Our mission should be to find ways to teach students as the people they are. We teachers do have the job of figuring out what's going on in your studenty craniums, but it's a lazy cheat to say, "You have to show us that the one and only way we prefer." (One more reason using standardized tests to measure all of education is a crock.)
It's a never a wise teacher move to try to force students to do anything-- because we can't. When you were littler, we could trick you into thinking you didn't have a choice. Now you're old enough to know better. So I assume I can't "make" my students do anything-- but I can certainly try to nudge them in particular directions.
Having cheered you on for most of your piece, I will disagree with you on one point. You write
And I can almost guarantee that you have a handful of students (or peers, if you’re not a teacher) in your mind that match that same description. The kids who mind their business, take their notes, and leave. We don’t cause trouble. More often than not, we’re probably good students.
I'd hope that students in my classroom set their sights a little higher than just coming in, doing the basic of what's expected, keeping their head down, and leaving. Students who are merely compliant, who just show up and do what they're told-- those are not my idea of good students. That's a low bar to clear. I hope you set a higher bar for yourself in the future.

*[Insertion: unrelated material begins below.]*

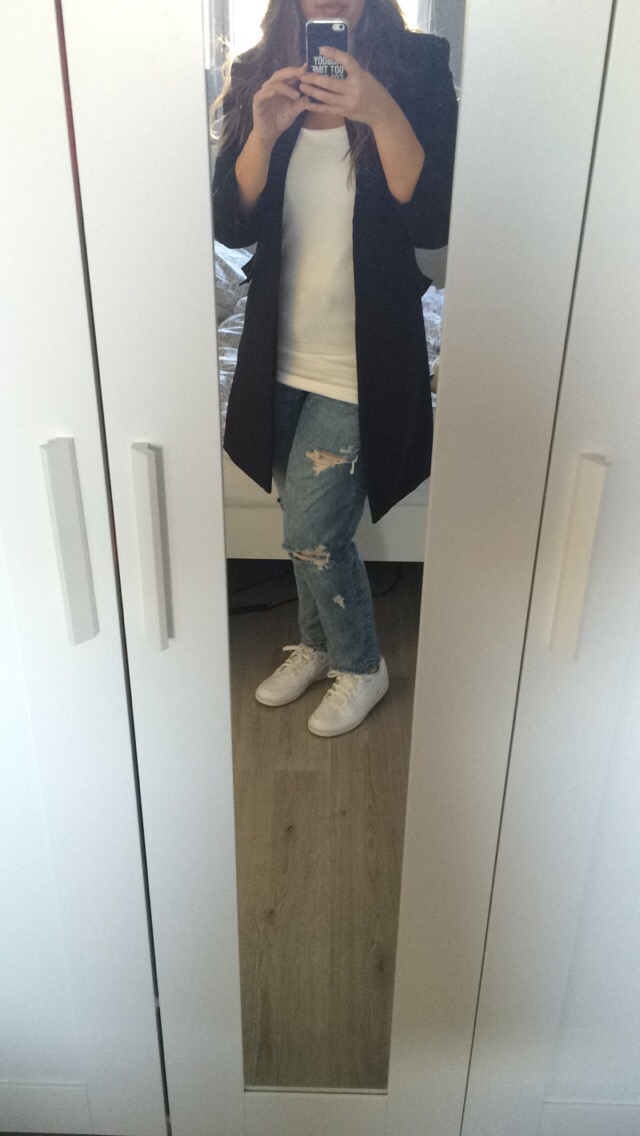 En dit was de outfit die ik had uitgekozen. Mijn moeder heeft echt een hekel aan die broek, maar ik vind de combi van netjes en stoer altijd heel leuk. Gelukkig was het zaterdag ook niet zo koud.

That said, as teacher, it's my job to make it possible and at least a little more comfortable for my students to do that. I provide a lot of different avenues for "participating," and I do my best to maintain an atmosphere that is safe and non-threatening, where students can do their thing without having to feel anxious. I don't claim to be perfect, and I'm not sure I want to be-- the biggest enemy of growth is comfort. But if you were sitting in my classroom this fall, my hope is that you would be less anxious and able to challenge yourself without having to feel forced to act like someone you are not.
Finally, I will meet my students for this year in about ten days, and I want you to know that I'll be thinking about your words as I work with them in the months ahead. I hope your school year is great.